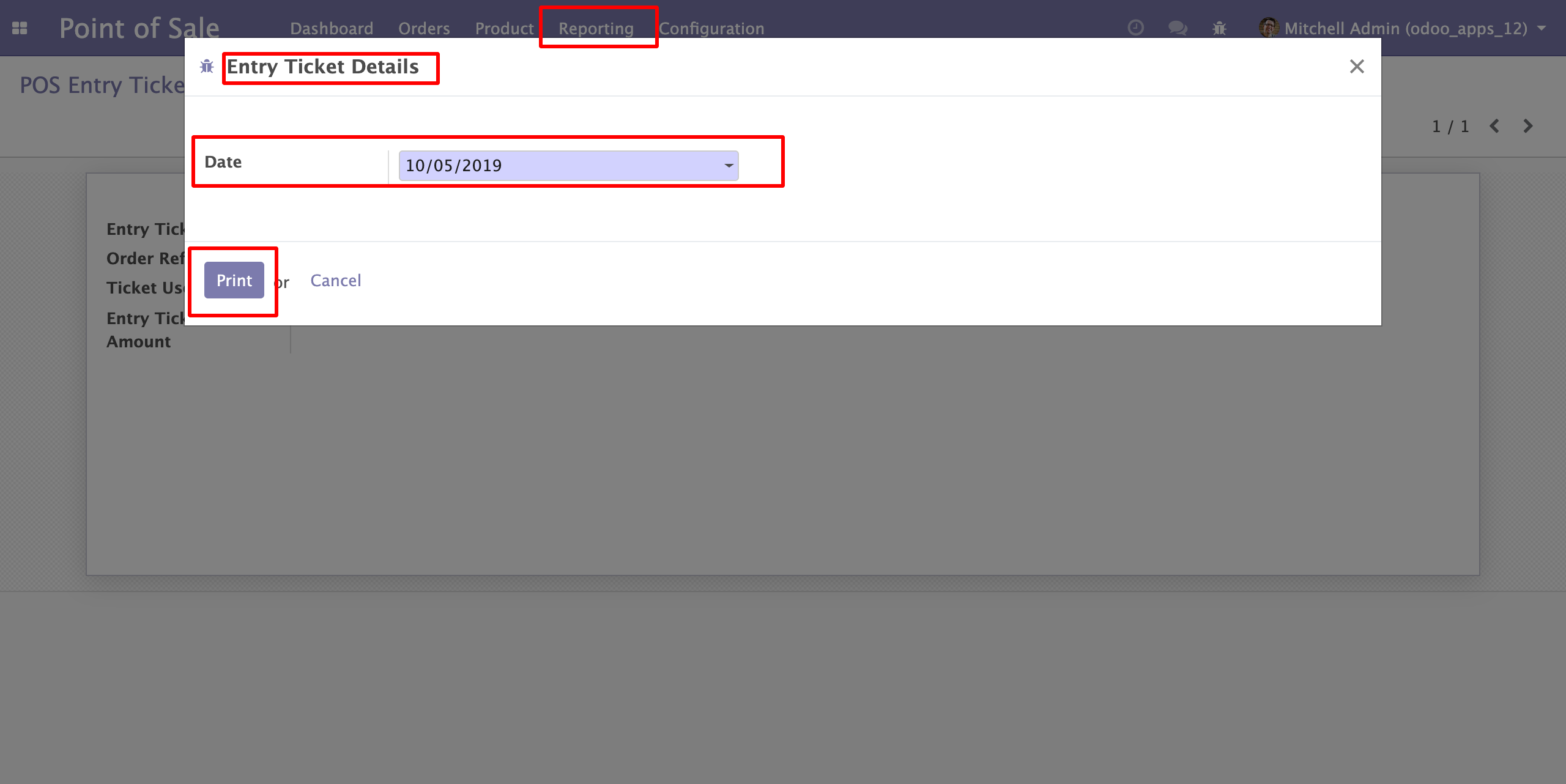 A). Point Of Sale >> Reporting >> POS Entry Ticket Select Report Date to print Entry Ticket Details.
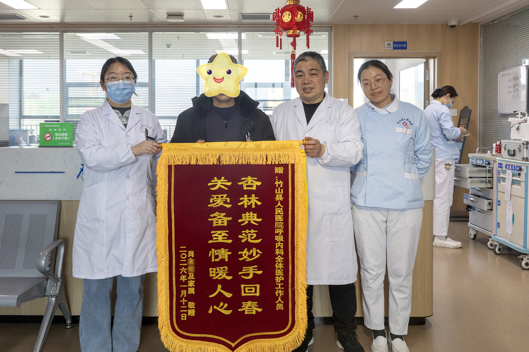 今日竹山网消息 1月12日午后,阳光裹着暖意漫进竹山县人民医院呼吸内科护士站,即将出院的肖先生,双手将一面烫金锦旗递到医护人员手中,红底黄字的“杏林典范妙手回春,关爱备至情暖人心”,在病区里格外醒目。
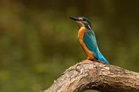 Een blauwe vogel genaamd ijsvogel zit op een tak boven het water te speuren naar vis.
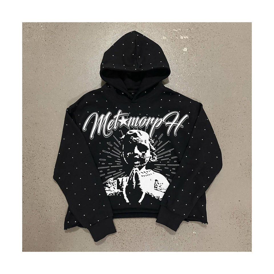 Venta al por mayor personalizado Bling Rhinestone Sudadera con capucha diseño esqueleto cráneo personalizado ácido lavado Rhinestone sudaderas con capucha hecho en Pakistán 2025
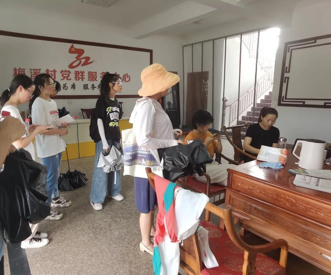 梅溪村位于淡溪镇四都社区, 是淡溪的旅游核心区,也是南宋状元王十朋的故乡。通过实地调研梅溪村的悠久历史和淳朴乡风,整合利用王十朋的状元精神和文化内涵,团队成员致力于在深度挖掘梅溪村历史价值基础上,全面提升村庄环境以及合理规划梅溪村特色旅游路线。团队先后走访了梅溪村村委会、养老中心等相关场所,与村干部进行了深入的交流。团队成员得知,梅溪书院等十个旅游景点将采用国际先进设计技术,投资3200万元,结合文化与科技进行建设。
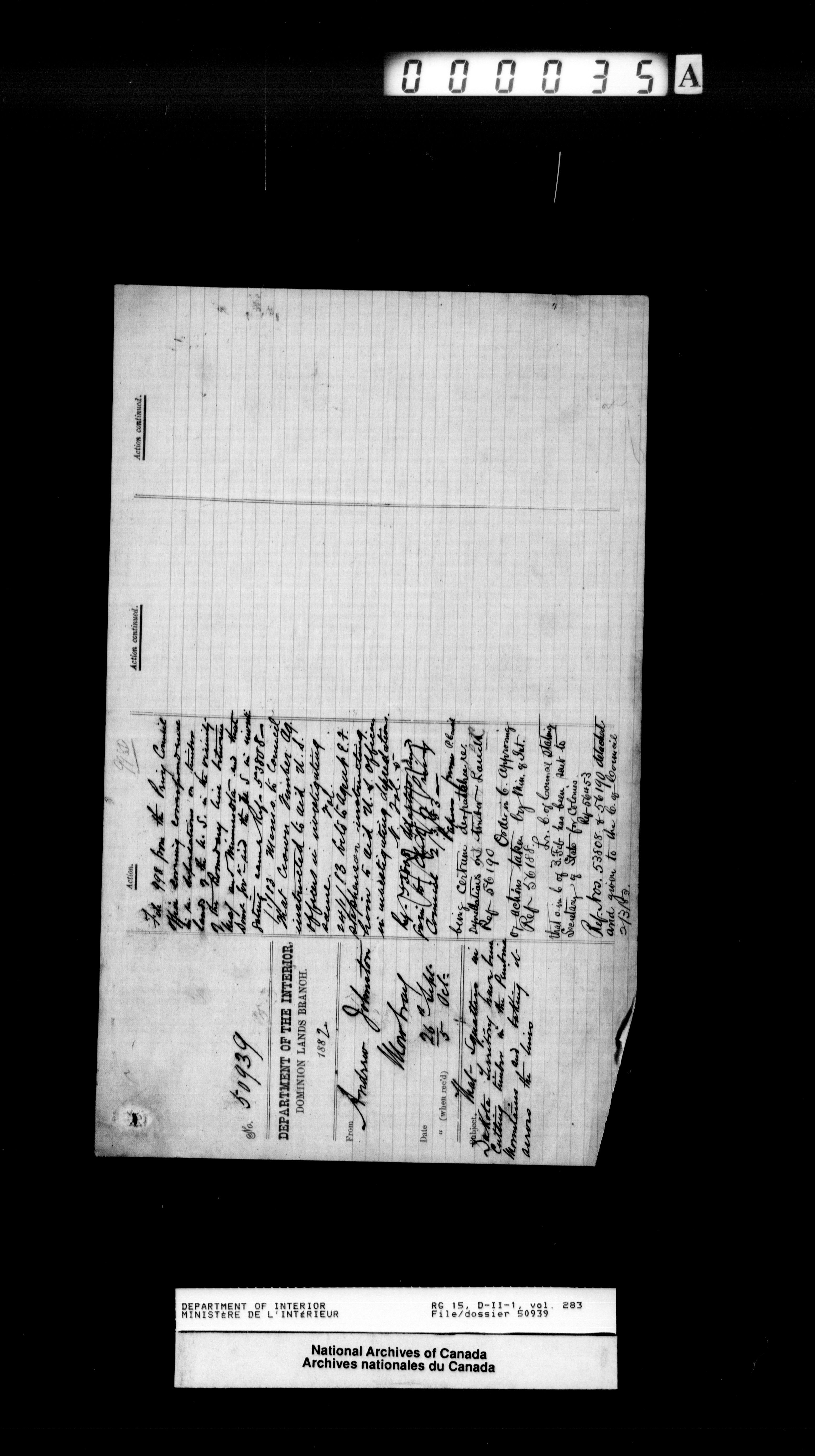 Central registry subject files created by the Dominion Lands Branch - 12549
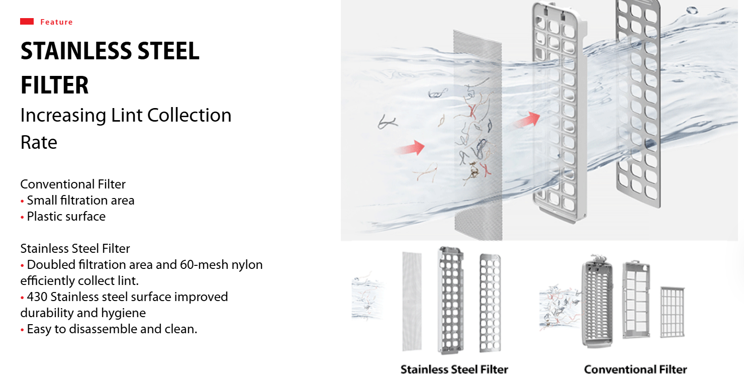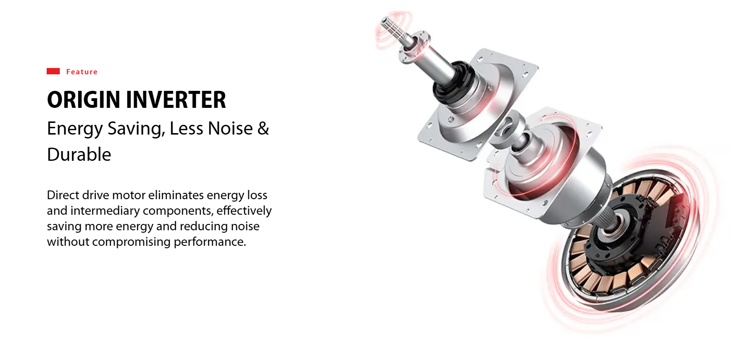 Direct Drive Inverter (DDM): The motor is attached directly to the drum, eliminating belts and pulleys. This results in a machine that is 10% quieter, consumes 67% less energy, and is built to last with a 10-year motor warranty.
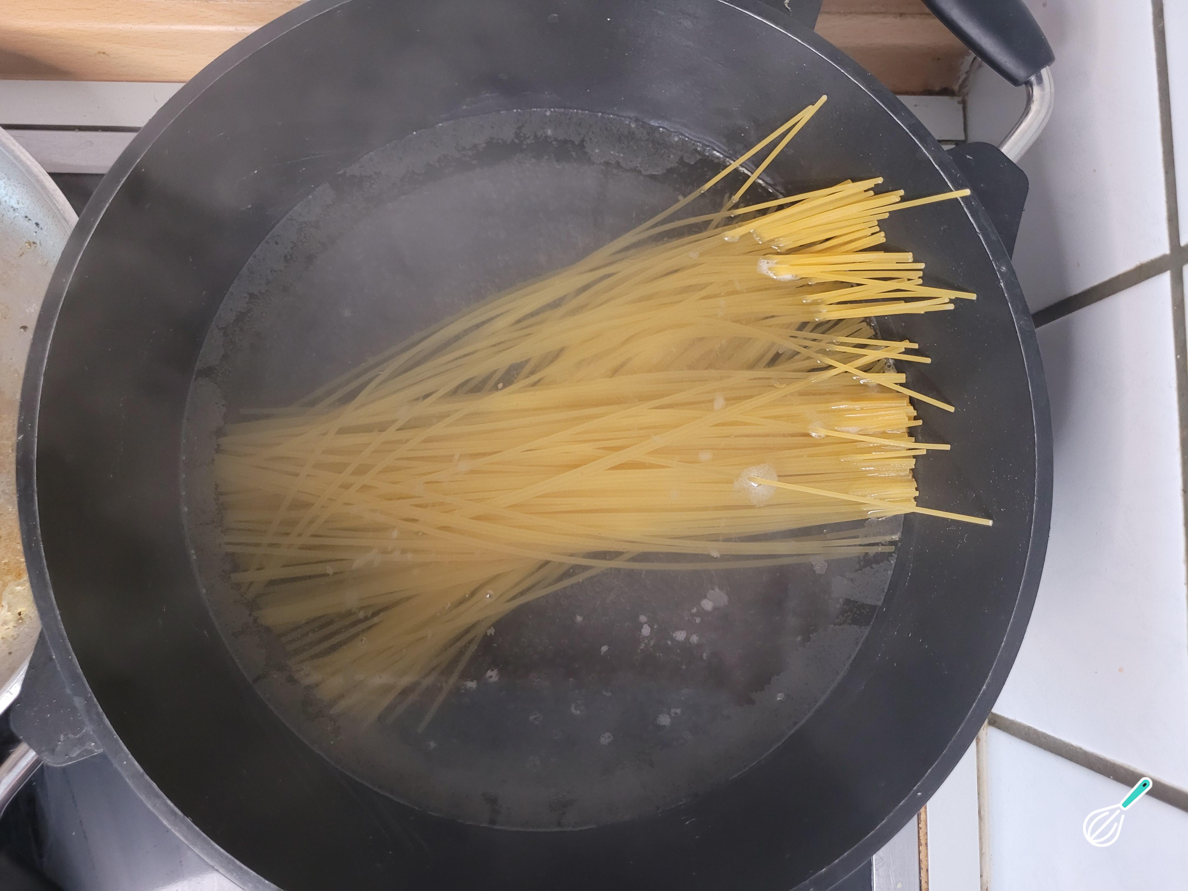Neste ponto, verifique se a água já está fervendo. Adicione sal e coloque o macarrão para cozinhar pelo tempo indicado na embalagem da massa.
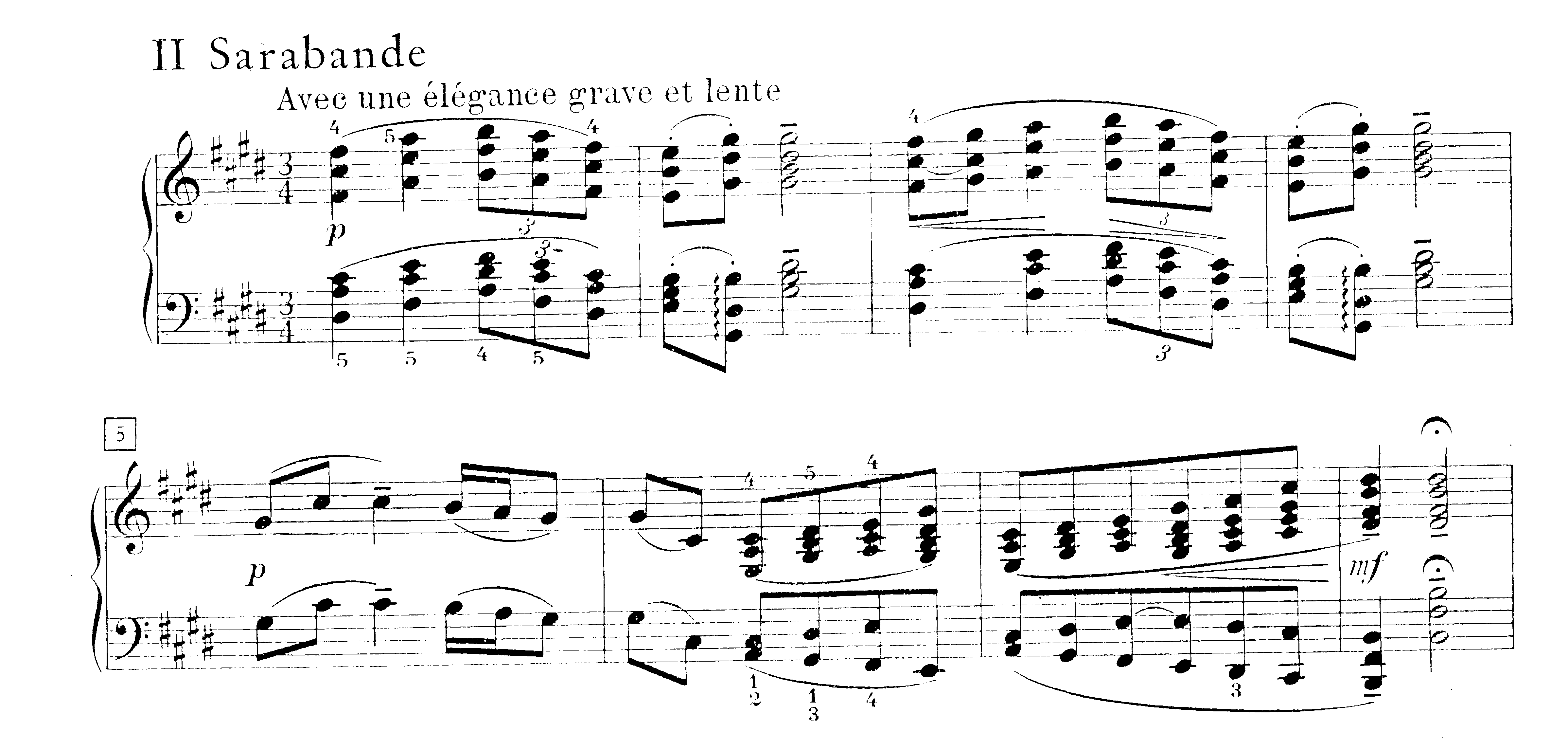 可是讀者會看到以下的樂譜,由第一小節便已不斷出現「平行五度」的和弦進行,而且結構也很一致,好明顯不是作曲家寫錯了,而是故意這樣寫。那到底這首樂曲是否算是古典音樂呢?它又是甚麼樂派的作品呢?
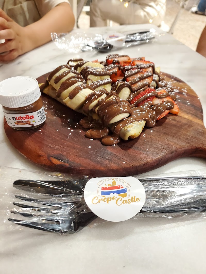 "Crepe Castle, You guys have done a wonderful job in all aspects. I am extremely particular about my food and sweets. Especially when it comes to crepes, personally I do not like them! I was passing to go to Moe’s right across the street until i noticed the little fire ring, so my friend and i parked the car and noticed the little Igloo seating area next to it! Enough to attract us to the door. When we entered we were generously greeted by the two wonderful employee Ayah and Dala. We were welcomed with smiles and phenomenal recommendations. It was my friends and i first time and we asked for their best drinks and they were ecstatic to assist us with everything we needed. He ordered the Vietnamese iced coffee and i personally dont know the name of the drink as one of the girls chose it. They were happy to help and extremely welcoming. They created a great environment. They directed us to the little Igloo seating which was nicely decorated and had a heater to keep us warm. The girls then served us the drinks and waited to see if we were happy with them. We took a sip out of both and with all honesty they had a unique and delicious flavors. I have been to many cafè in my life and drank plenty of coffee a-lot of places. Something always lacks but crepe castle was nailing it on the head in every way. Welcoming greeting, great staff, seated us, very nice cozy vibes, coffee was delicious! Even when the owners wife came to drop off some things for the girls she had passed by to greet us! Everyone was very welcoming. Him and i enjoyed our coffee chatted a little and we decided to visit again today! Which was at-least a week from last visit, well enough the girls recognized us said their hellos and greeted us well! We ordered three drinks 2 hot chocolates and a chai tea!! Their recommendation as well and they didn’t miss again. We get our drinks and they taste very good. Their hot chocolate was not like every other hot chocolate very generic…It had its different flavor! Tasty! Not only that but they had also served us two crepes on the house as complementary. I was truly impressed by their service and employee and how they treat their customers. i am in awe very well put together in all sense. The crepes which i personally never order outside were PHENOMENAL! Very light and easy on the stomach. One crepe was the sunshine crepe i believe which contained strawberries, mango and kiwi was DELICIOUS i hate crepes and fruits in my sweets but this one was a banger! I’d definitely order it again. The fruits were ripe and had their different flavors. We also had a crepe that has cheesecake on it which was also good a little heavier side. Over all the place is a 5/5 and i rarely give those. Everything was literally beyond exceptional. The staff, sweets, drinks as well as the owners did above and beyond any cafe I’ve been to. It is a great addition to this plaza! I highly recommend the place to anyone go and enjoy a nice cup of coffee or crepe there. You will not be disappointed i promise you that. Bon appetite! Well done crepe castle well done!"
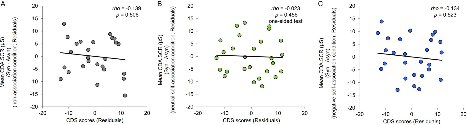 (A) Scatter plots for the CDS scores and value of the difference in CDA.SCR between the synchronous and asynchronous conditions in the non-association condition. (B) Scatter plots for the CDS scores and value of the difference in CDA.SCR between the synchronous and asynchronous conditions in the neutral self-association condition. (C) Scatter plots for the CDS scores and value of the difference in CDA.SCR between the synchronous and asynchronous conditions in the negative self-association condition. Control variables were age and overall mean of the non-association condition.
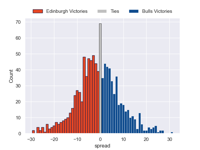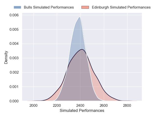 Each club has a rating and a rating deviation (similar to a Glicko rating), and expected performances can be generated. This allows for simulated matches and spreads like the ones below.
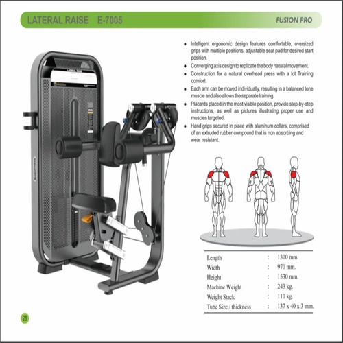 Powder-coated mild steel lateral raise machine for gym use. Available in custom colors and sizes as per customer choice. Made in India.
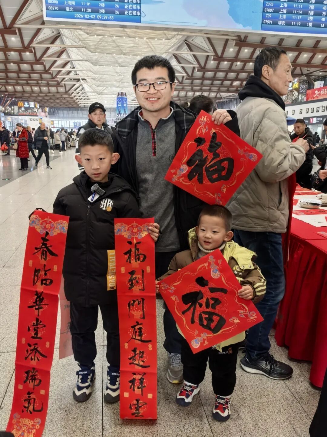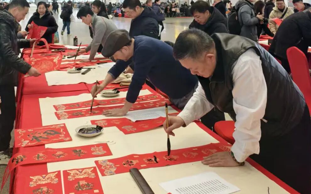 往来旅客纷纷驻足围观,有的在旁静静欣赏文艺家们的创作风采,有的主动上前邀请文艺家书写专属祝福,现场一派热闹祥和的新春景象。“老师写的特别好,我要把这份祝福带回家。”一位返乡旅客捧着刚写好的春联,脸上洋溢着幸福的笑容。
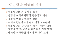| 목차1. 인간발달 이해의 기초 2. 인간발달과 관련된 개념 3. 인간발달의 세 영역 4. 아동 및 청소년 시기 5. 에릭슨의 심리사회적 발달단계 6. 유아기 7. 아동기 8. 아동기에 자주 드러나는 문제 9. 청소년기의 특징 10. 청소년기의 심리적 과제 본문1. 인간발달 이해의 기초 - 인간발달은 全 생애를 포괄 - 생명의 시작에서부터 죽음까지 계속 - 상승적 변화 + 하강적 변화 - 수태-> 청년기 + 청년기 이후-> 노년기 - 인간발달의 각 단계는 이전 단계에 의해 영향을 받고, 앞으로 다가올 단계에 영향 단계마다 독특한 가치와 특성이 있다. 하고 싶은 말본 자료는 아동과 청소년 발달의 기본과제에 대해 서술한 자료로 인간발달 이해의 기초, 인간발달과 관련된 개념, 인간발달의 세 영역, 아동 및 청소년 시기, 에릭슨의 심리사회적 발달단계, 유아기, 아동기, 아동기에 자주 드러나는 문제, 청소년기의 특징, 청소년기의 심리적 과제(1) 청소년기(자아정체감 형성), 2) 의존과 자립을 둘러싼 갈등, 3) 성적 발달, 4) 또래집단의 영향, 5) 사회의 요구와 개인의 발달수준, 6) 가족문제) 등에 대해 간단명료하게 설명한 자료임 |

● Work order:
The result should be an exact copy of the material, containing no pictures.

● Answer below:
 A). Point Of Sale >> Reporting >> POS Entry Ticket Select Report Date to print Entry Ticket Details.
 今日竹山网消息 1月12日午后,阳光裹着暖意漫进竹山县人民医院呼吸内科护士站,即将出院的肖先生,双手将一面烫金锦旗递到医护人员手中,红底黄字的“杏林典范妙手回春,关爱备至情暖人心”,在病区里格外醒目。
 Een blauwe vogel genaamd ijsvogel zit op een tak boven het water te speuren naar vis.
 Venta al por mayor personalizado Bling Rhinestone Sudadera con capucha diseño esqueleto cráneo personalizado ácido lavado Rhinestone sudaderas con capucha hecho en Pakistán 2025
 梅溪村位于淡溪镇四都社区, 是淡溪的旅游核心区,也是南宋状元王十朋的故乡。通过实地调研梅溪村的悠久历史和淳朴乡风,整合利用王十朋的状元精神和文化内涵,团队成员致力于在深度挖掘梅溪村历史价值基础上,全面提升村庄环境以及合理规划梅溪村特色旅游路线。团队先后走访了梅溪村村委会、养老中心等相关场所,与村干部进行了深入的交流。团队成员得知,梅溪书院等十个旅游景点将采用国际先进设计技术,投资3200万元,结合文化与科技进行建设。
 Central registry subject files created by the Dominion Lands Branch - 12549
 Direct Drive Inverter (DDM): The motor is attached directly to the drum, eliminating belts and pulleys. This results in a machine that is 10% quieter, consumes 67% less energy, and is built to last with a 10-year motor warranty.
Neste ponto, verifique se a água já está fervendo. Adicione sal e coloque o macarrão para cozinhar pelo tempo indicado na embalagem da massa.
 可是讀者會看到以下的樂譜,由第一小節便已不斷出現「平行五度」的和弦進行,而且結構也很一致,好明顯不是作曲家寫錯了,而是故意這樣寫。那到底這首樂曲是否算是古典音樂呢?它又是甚麼樂派的作品呢?
 "Crepe Castle, You guys have done a wonderful job in all aspects. I am extremely particular about my food and sweets. Especially when it comes to crepes, personally I do not like them! I was passing to go to Moe’s right across the street until i noticed the little fire ring, so my friend and i parked the car and noticed the little Igloo seating area next to it! Enough to attract us to the door. When we entered we were generously greeted by the two wonderful employee Ayah and Dala. We were welcomed with smiles and phenomenal recommendations. It was my friends and i first time and we asked for their best drinks and they were ecstatic to assist us with everything we needed. He ordered the Vietnamese iced coffee and i personally dont know the name of the drink as one of the girls chose it. They were happy to help and extremely welcoming. They created a great environment. They directed us to the little Igloo seating which was nicely decorated and had a heater to keep us warm. The girls then served us the drinks and waited to see if we were happy with them. We took a sip out of both and with all honesty they had a unique and delicious flavors. I have been to many cafè in my life and drank plenty of coffee a-lot of places. Something always lacks but crepe castle was nailing it on the head in every way. Welcoming greeting, great staff, seated us, very nice cozy vibes, coffee was delicious! Even when the owners wife came to drop off some things for the girls she had passed by to greet us! Everyone was very welcoming. Him and i enjoyed our coffee chatted a little and we decided to visit again today! Which was at-least a week from last visit, well enough the girls recognized us said their hellos and greeted us well! We ordered three drinks 2 hot chocolates and a chai tea!! Their recommendation as well and they didn’t miss again. We get our drinks and they taste very good. Their hot chocolate was not like every other hot chocolate very generic…It had its different flavor! Tasty! Not only that but they had also served us two crepes on the house as complementary. I was truly impressed by their service and employee and how they treat their customers. i am in awe very well put together in all sense. The crepes which i personally never order outside were PHENOMENAL! Very light and easy on the stomach. One crepe was the sunshine crepe i believe which contained strawberries, mango and kiwi was DELICIOUS i hate crepes and fruits in my sweets but this one was a banger! I’d definitely order it again. The fruits were ripe and had their different flavors. We also had a crepe that has cheesecake on it which was also good a little heavier side. Over all the place is a 5/5 and i rarely give those. Everything was literally beyond exceptional. The staff, sweets, drinks as well as the owners did above and beyond any cafe I’ve been to. It is a great addition to this plaza! I highly recommend the place to anyone go and enjoy a nice cup of coffee or crepe there. You will not be disappointed i promise you that. Bon appetite! Well done crepe castle well done!"
 (A) Scatter plots for the CDS scores and value of the difference in CDA.SCR between the synchronous and asynchronous conditions in the non-association condition. (B) Scatter plots for the CDS scores and value of the difference in CDA.SCR between the synchronous and asynchronous conditions in the neutral self-association condition. (C) Scatter plots for the CDS scores and value of the difference in CDA.SCR between the synchronous and asynchronous conditions in the negative self-association condition. Control variables were age and overall mean of the non-association condition.
 Each club has a rating and a rating deviation (similar to a Glicko rating), and expected performances can be generated. This allows for simulated matches and spreads like the ones below.
 Powder-coated mild steel lateral raise machine for gym use. Available in custom colors and sizes as per customer choice. Made in India.
 往来旅客纷纷驻足围观,有的在旁静静欣赏文艺家们的创作风采,有的主动上前邀请文艺家书写专属祝福,现场一派热闹祥和的新春景象。“老师写的特别好,我要把这份祝福带回家。”一位返乡旅客捧着刚写好的春联,脸上洋溢着幸福的笑容。
| 목차1. 인간발달 이해의 기초 2. 인간발달과 관련된 개념 3. 인간발달의 세 영역 4. 아동 및 청소년 시기 5. 에릭슨의 심리사회적 발달단계 6. 유아기 7. 아동기 8. 아동기에 자주 드러나는 문제 9. 청소년기의 특징 10. 청소년기의 심리적 과제 본문1. 인간발달 이해의 기초 - 인간발달은 全 생애를 포괄 - 생명의 시작에서부터 죽음까지 계속 - 상승적 변화 + 하강적 변화 - 수태-> 청년기 + 청년기 이후-> 노년기 - 인간발달의 각 단계는 이전 단계에 의해 영향을 받고, 앞으로 다가올 단계에 영향 단계마다 독특한 가치와 특성이 있다. 하고 싶은 말본 자료는 아동과 청소년 발달의 기본과제에 대해 서술한 자료로 인간발달 이해의 기초, 인간발달과 관련된 개념, 인간발달의 세 영역, 아동 및 청소년 시기, 에릭슨의 심리사회적 발달단계, 유아기, 아동기, 아동기에 자주 드러나는 문제, 청소년기의 특징, 청소년기의 심리적 과제(1) 청소년기(자아정체감 형성), 2) 의존과 자립을 둘러싼 갈등, 3) 성적 발달, 4) 또래집단의 영향, 5) 사회의 요구와 개인의 발달수준, 6) 가족문제) 등에 대해 간단명료하게 설명한 자료임 |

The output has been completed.